Jamming his thumb over his shoulder, he went on. “You know…judging by the interest we’ve gotten so far. There were lots of numbers torn off that flyer when I came in.”
She shifted her gaze toward the bulletin board by the front door. “Well, I feel sorry for anyone who comes to work for you, Brooks. Since you’re void of any kind of emotion. You treat that dumb cat better than the people in your life.”
She’d never liked Elvira. One of the hundred reasons why they hadn’t worked out. Well, that, and the fact that his heart had always belonged to someone else.
Kylee examined her nails and an awkward silence fell between them.
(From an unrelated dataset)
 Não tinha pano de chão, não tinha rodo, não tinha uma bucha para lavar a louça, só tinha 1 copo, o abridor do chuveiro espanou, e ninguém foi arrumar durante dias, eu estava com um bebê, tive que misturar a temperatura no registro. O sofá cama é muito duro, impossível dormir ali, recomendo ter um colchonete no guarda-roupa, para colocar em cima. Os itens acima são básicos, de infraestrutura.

He felt kind of bad for needling her. Maybe he should apologize. Or say something nice about her outfit. Something to throw some water on this new fire he’d started. She was prickly as hell, but she was right—his relationships could use a little work.
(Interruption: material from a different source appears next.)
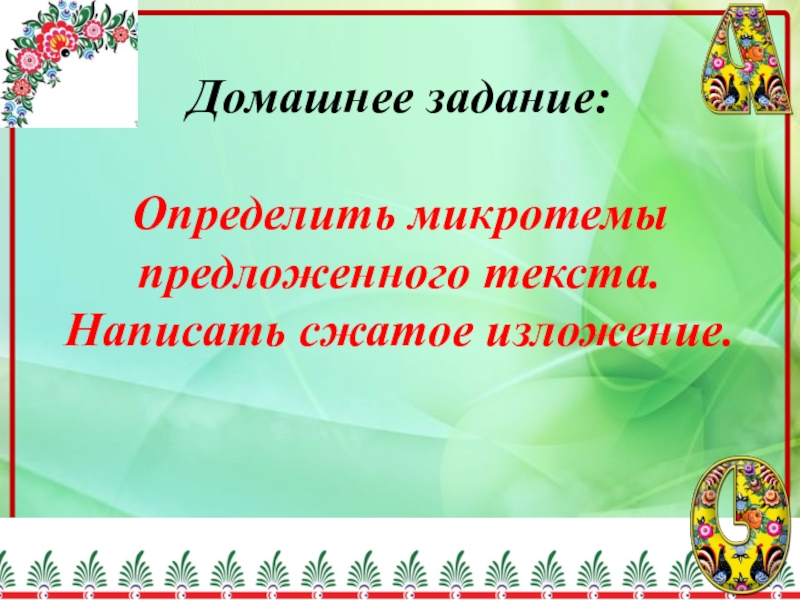 Домашнее задание:  Определить микротемы предложенного текста. Написать сжатое изложение.

She looked up and narrowed her eyes. Her green eyeshadow sparkled like stardust under the aisle five lighting. “Isn’t that…”
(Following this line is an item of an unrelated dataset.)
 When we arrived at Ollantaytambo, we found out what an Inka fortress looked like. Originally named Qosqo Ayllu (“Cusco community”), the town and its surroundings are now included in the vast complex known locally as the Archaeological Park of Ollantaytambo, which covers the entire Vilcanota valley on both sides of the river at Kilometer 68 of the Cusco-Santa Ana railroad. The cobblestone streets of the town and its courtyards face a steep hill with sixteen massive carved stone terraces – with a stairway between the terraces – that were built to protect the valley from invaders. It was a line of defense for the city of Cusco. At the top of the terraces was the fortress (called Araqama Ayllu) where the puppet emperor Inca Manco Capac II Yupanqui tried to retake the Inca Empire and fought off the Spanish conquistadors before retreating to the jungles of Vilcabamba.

Frowning, he turned. Standing in front of the bulletin board, was a woman wearing a white tank top and a pair of faded overalls. Her back was turned to them, her blond hair piled in a messy bun on top of her head. She was reaching for his flyer.
Brooks watched her. Wondering why she’d caught Kylee’s attention like she had. He let his gaze settle on her bare shoulders. Her long, slender neck. The wisps of honey-colored hair tucked behind her ears. And something stirred inside him.
Kylee let out a soft sigh. “Oh my God…”
And then Brooks felt his back stiffen. His heartbeat slowed in his chest, a steady thump, thump, thump, that did nothing to move the blood through his veins. His hands were suddenly cold, his feet inside his boots, numb.
“She’s got a lot of nerve coming back here,” Kylee hissed.
He didn’t answer. In fact, he probably couldn’t if he’d tried.
“I mean, after all this time?” Kylee looked over at him. He could feel the weight of her gaze, the meaning in it.
The woman in the overalls tucked the piece of paper from the flyer into her pocket. Then put her head down and walked out the door.
“She’s got a lot of nerve, alright,” Brooks said, pulling his Stetson low. “A hell of a lot of nerve.”